[Information supplied]

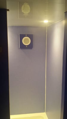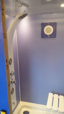 Duschtasse 80x80 cm, Ventilator in der Wand, um nach dem Duschen die Luftfeuchtigkeit nach draußen zu bekommen. Kompost-Toilette.
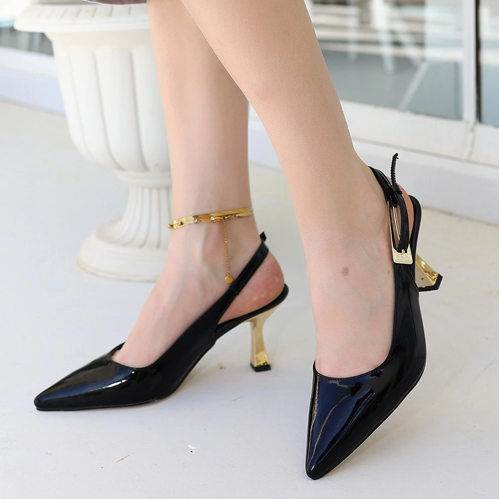 Zalin Siyah Rugan Topuklu Ayakkabı (Numara: 36)
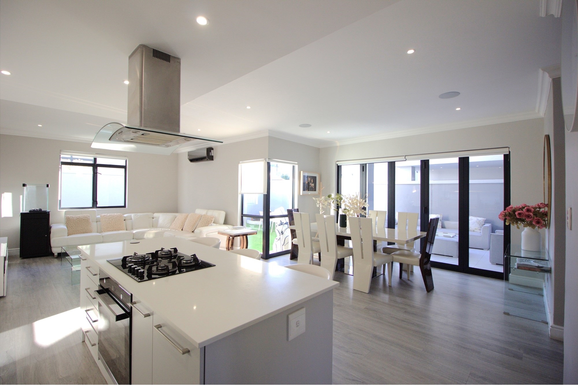 On entering, you are greeted by an airy open living space, comprising of the bright kitchen flowing onto the dining and living area. The spacious interior features 3.5 elegantly designed bathrooms, including en-suite master bathroom, and en-suite guest bathroom. allowing for privacy and convenience. Each bedroom is equipped with built-in closets, providing ample storage space. You’ll love the bright, open-concept living areas, with aluminum windows and sliding door, bringing in natural light and fostering a warm atmosphere. The modern kitchen, highlighted by a gas stove and a spacious island for your breakfast on the go. The space is perfect for cooking and entertaining.
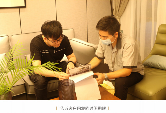 上門現場查看情況后,確定是補件或維修或返廠,并告知客戶大概需要多久時間能夠解決完問題并真誠地表示歉意。
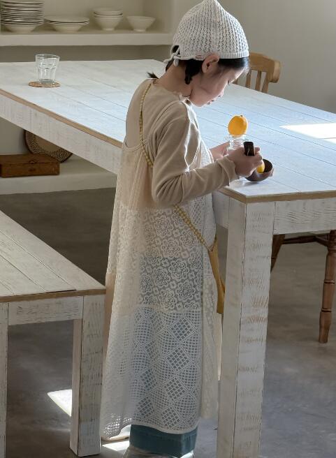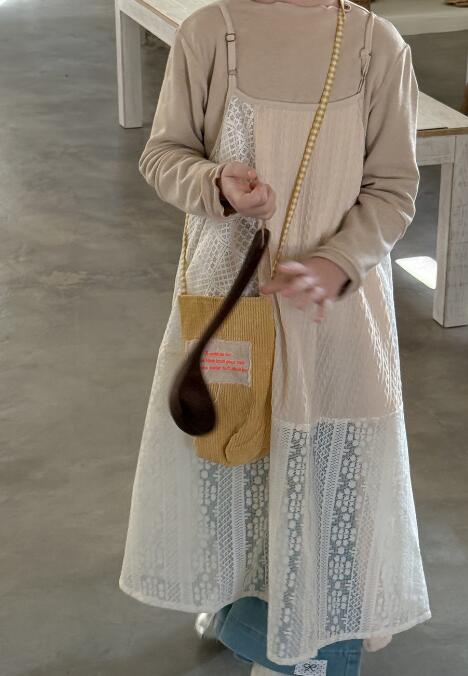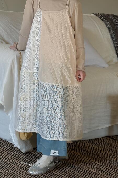 韓国風のナチュラルなデザインで、レース素材が上品な印象を演出します。
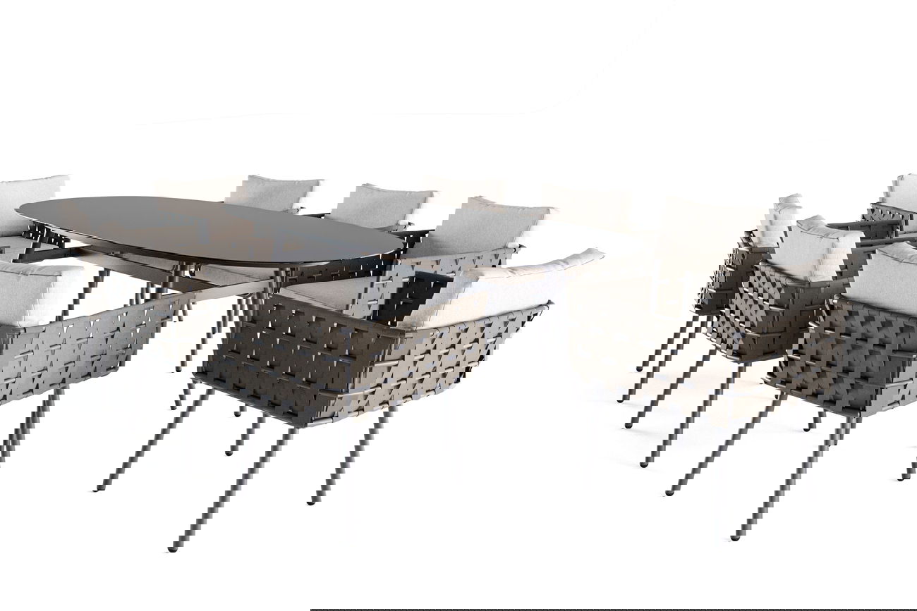 Die Arm- und Rückenlehnen der Stühle bestehen aus robustem Aluminium und sind mit einem edlen Ropegeflecht in graubrauner Farbe versehen, das ein Gefühl von Exklusivität vermittelt. Die großzügig gepolsterten Sitze in einem warmen Beige bieten höchsten Komfort und laden zu entspannten Dining-Erlebnissen ein.

[/Information supplied]

• **Task goal**: The answer must consist solely of the lines from the first line of the records through the line containing "韓国風のナチュラルなデザインで、レース素材が上品な印象を演出します。", reproduced exactly and without the pictures.

• **Solution to this problem**:
 Duschtasse 80x80 cm, Ventilator in der Wand, um nach dem Duschen die Luftfeuchtigkeit nach draußen zu bekommen. Kompost-Toilette.
 Zalin Siyah Rugan Topuklu Ayakkabı (Numara: 36)
 On entering, you are greeted by an airy open living space, comprising of the bright kitchen flowing onto the dining and living area. The spacious interior features 3.5 elegantly designed bathrooms, including en-suite master bathroom, and en-suite guest bathroom. allowing for privacy and convenience. Each bedroom is equipped with built-in closets, providing ample storage space. You’ll love the bright, open-concept living areas, with aluminum windows and sliding door, bringing in natural light and fostering a warm atmosphere. The modern kitchen, highlighted by a gas stove and a spacious island for your breakfast on the go. The space is perfect for cooking and entertaining.
 上門現場查看情況后,確定是補件或維修或返廠,并告知客戶大概需要多久時間能夠解決完問題并真誠地表示歉意。
 韓国風のナチュラルなデザインで、レース素材が上品な印象を演出します。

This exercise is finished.